*Activity*: Please transcribe exactly the lines from the line holding "(a) TGA curves, (b)" through the end of the data below, and skip any pictures.

*Record set*:

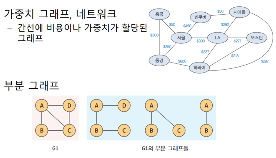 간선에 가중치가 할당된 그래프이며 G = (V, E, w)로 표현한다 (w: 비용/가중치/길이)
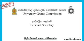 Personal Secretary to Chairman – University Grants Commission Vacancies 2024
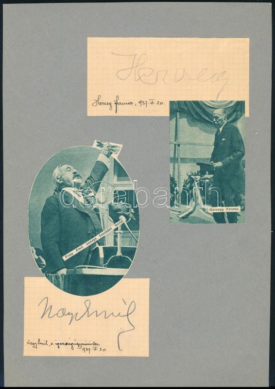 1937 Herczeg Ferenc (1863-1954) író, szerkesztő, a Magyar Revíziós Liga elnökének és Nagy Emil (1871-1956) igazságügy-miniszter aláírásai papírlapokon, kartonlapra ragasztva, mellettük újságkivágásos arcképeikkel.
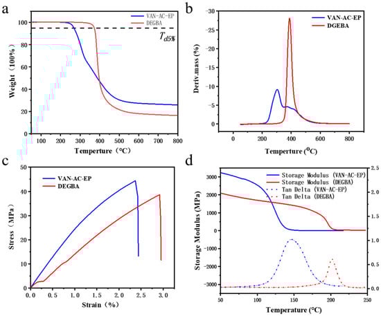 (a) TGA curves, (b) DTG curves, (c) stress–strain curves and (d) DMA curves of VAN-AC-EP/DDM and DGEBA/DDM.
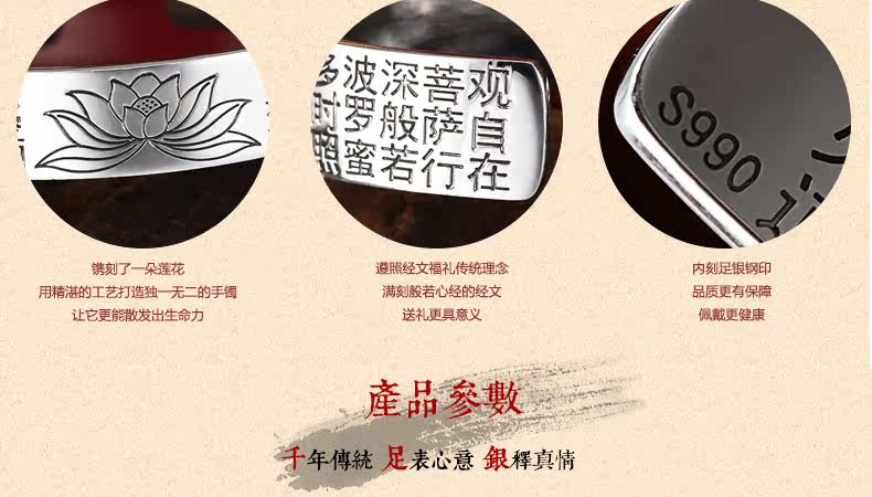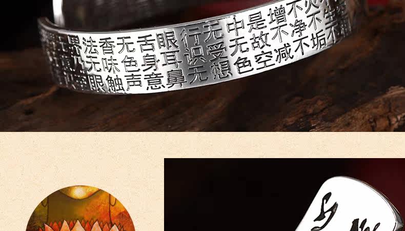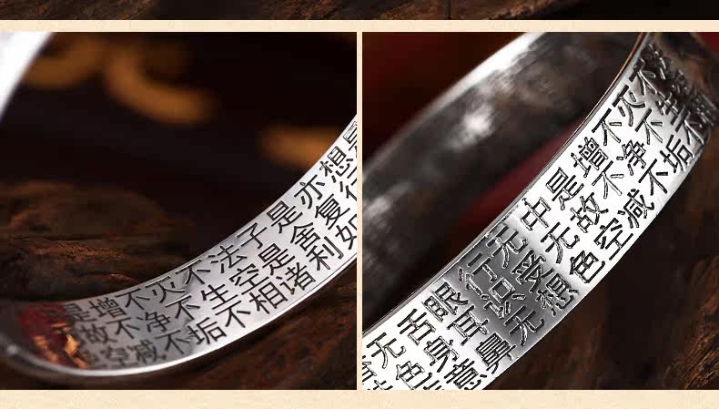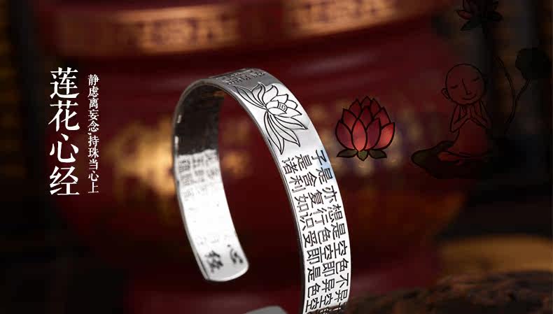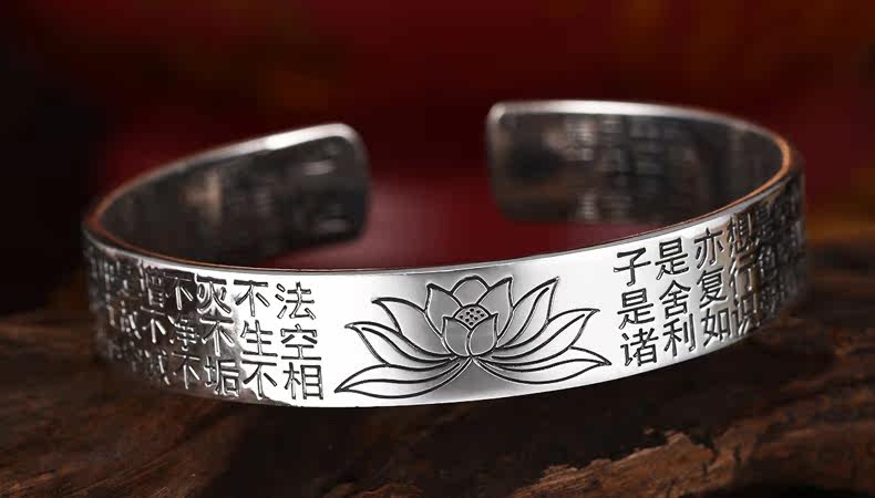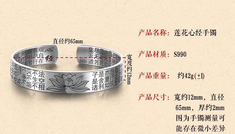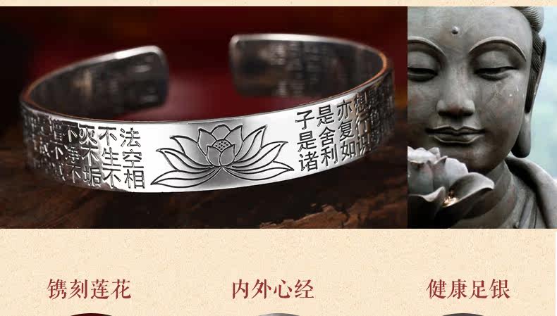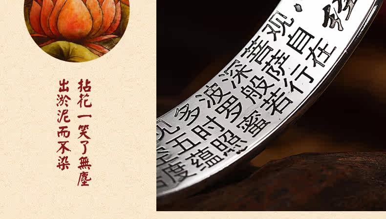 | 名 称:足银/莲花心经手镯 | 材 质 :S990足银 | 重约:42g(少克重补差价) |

*Answer box*:
 (a) TGA curves, (b) DTG curves, (c) stress–strain curves and (d) DMA curves of VAN-AC-EP/DDM and DGEBA/DDM.
 | 名 称:足银/莲花心经手镯 | 材 质 :S990足银 | 重约:42g(少克重补差价) |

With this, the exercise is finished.